On Thursday, Diageo had said it was working with the SEC to provide information on its distribution methods, after the Wall Street Journal said the regulator is checking whether the company shipped excess inventory to boost results. The shares fell as much as 2.1% in London trading.
Two years after taking the helm with a view that selling drinks is a simple business, CEO Ivan Menezes is grappling with stagnating sales, troubled acquisitions in China and India, and a share price that has lagged the European Food & Beverage sector by over 30 percentage points over his tenure.
“It’s not the best management team in class,” said Thorsten Winkelmann, a portfolio manager at Allianz Global Investors. He spoke prior to the announcement of the SEC inquiry.
Speculation by Brazilian magazine Veja that investment firm 3G Capital is considering a takeover pushed the stock up as much as 8.7% on June 8.
“Diageo has not been firing on all cylinders,” said Kevin Dreyer, a portfolio manager at Gabelli Funds who holds the stock.
About a quarter of the bottles Diageo sells fall under the Smirnoff vodka brand, which has suffered from an over-expansion into flavoured varieties. Another challenge is its beer business, which includes Guinness stout and Red Stripe lager and saw an 11% drop in volume last year.

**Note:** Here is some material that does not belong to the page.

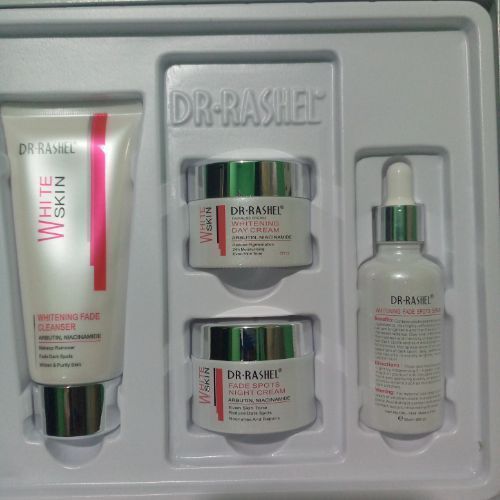 DR· RASHEL White Skin Fade Spots Serum 50ml Contains alpha arbutin and niacinamide ingredients which highly helps brighten and clarify skin for increased radiance. Over time, this serum diminishes the number and intensity of even deep-set dark spots and skin discolorations. Minimizes the appearance of a broad spectrum of dark spots, and daily continuous use results in visibly brighter, more radiant and skin - complexion.

A sale of beer could fetch as much as £11bn (€15.6bn), bolstered by the potential for growth in Africa and the lower tax rate on Guinness in Ireland, said Simon Hales, an analyst at Barclays.
The main obstacle to a deal may be Menezes himself, who has said Diageo needs beer in Africa to help pave the way for consumption of spirits.
In Nigeria, the firm uses separate sales teams and distribution channels for the two drinks categories.
“Beer and spirits are not necessarily an obvious fit,” said Richard Marwood of Axa Investment Managers, who oversees £10bn in funds including Diageo stock.